### YOUR OBJECTIVE
Exact reproduction of all the data is required, with pictures excluded.

### STORED DATA
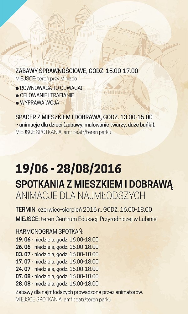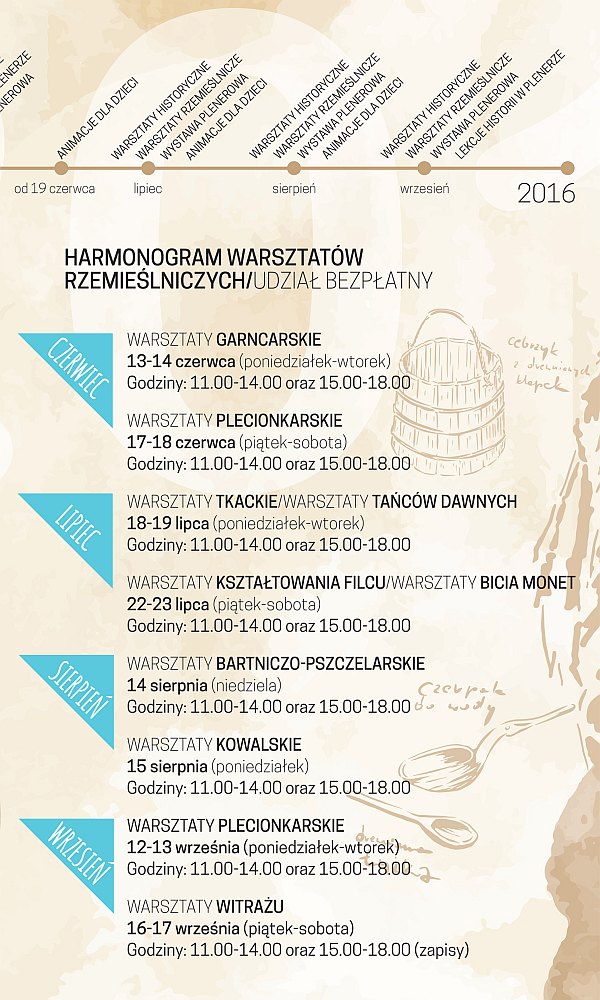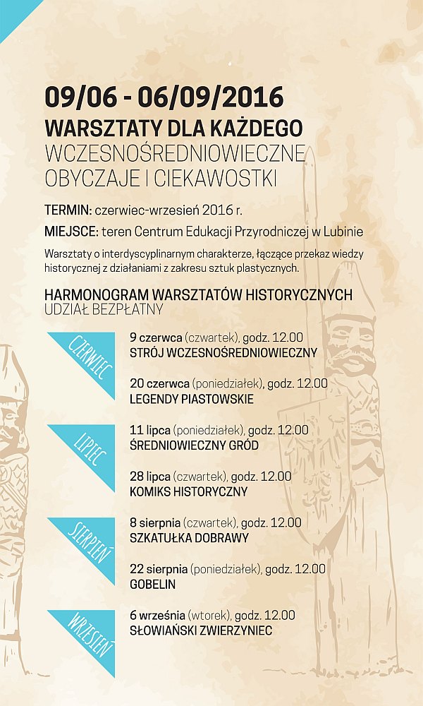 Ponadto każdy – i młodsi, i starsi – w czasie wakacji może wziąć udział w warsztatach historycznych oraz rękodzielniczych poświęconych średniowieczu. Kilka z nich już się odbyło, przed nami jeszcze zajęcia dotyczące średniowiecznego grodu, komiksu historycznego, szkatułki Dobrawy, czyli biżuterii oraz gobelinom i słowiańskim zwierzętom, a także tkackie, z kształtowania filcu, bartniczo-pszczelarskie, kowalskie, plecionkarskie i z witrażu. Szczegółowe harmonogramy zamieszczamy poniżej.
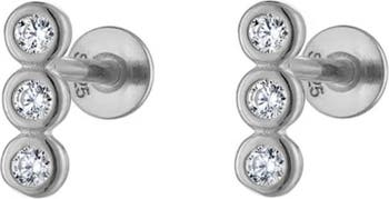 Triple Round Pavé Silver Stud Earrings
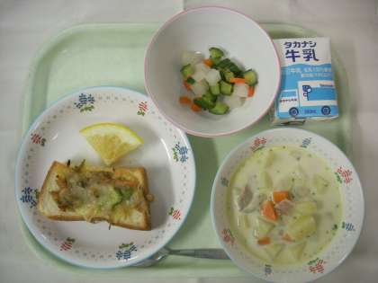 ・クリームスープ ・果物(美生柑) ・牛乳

### EXERCISE RESULT
 Ponadto każdy – i młodsi, i starsi – w czasie wakacji może wziąć udział w warsztatach historycznych oraz rękodzielniczych poświęconych średniowieczu. Kilka z nich już się odbyło, przed nami jeszcze zajęcia dotyczące średniowiecznego grodu, komiksu historycznego, szkatułki Dobrawy, czyli biżuterii oraz gobelinom i słowiańskim zwierzętom, a także tkackie, z kształtowania filcu, bartniczo-pszczelarskie, kowalskie, plecionkarskie i z witrażu. Szczegółowe harmonogramy zamieszczamy poniżej.
 Triple Round Pavé Silver Stud Earrings
 ・クリームスープ ・果物(美生柑) ・牛乳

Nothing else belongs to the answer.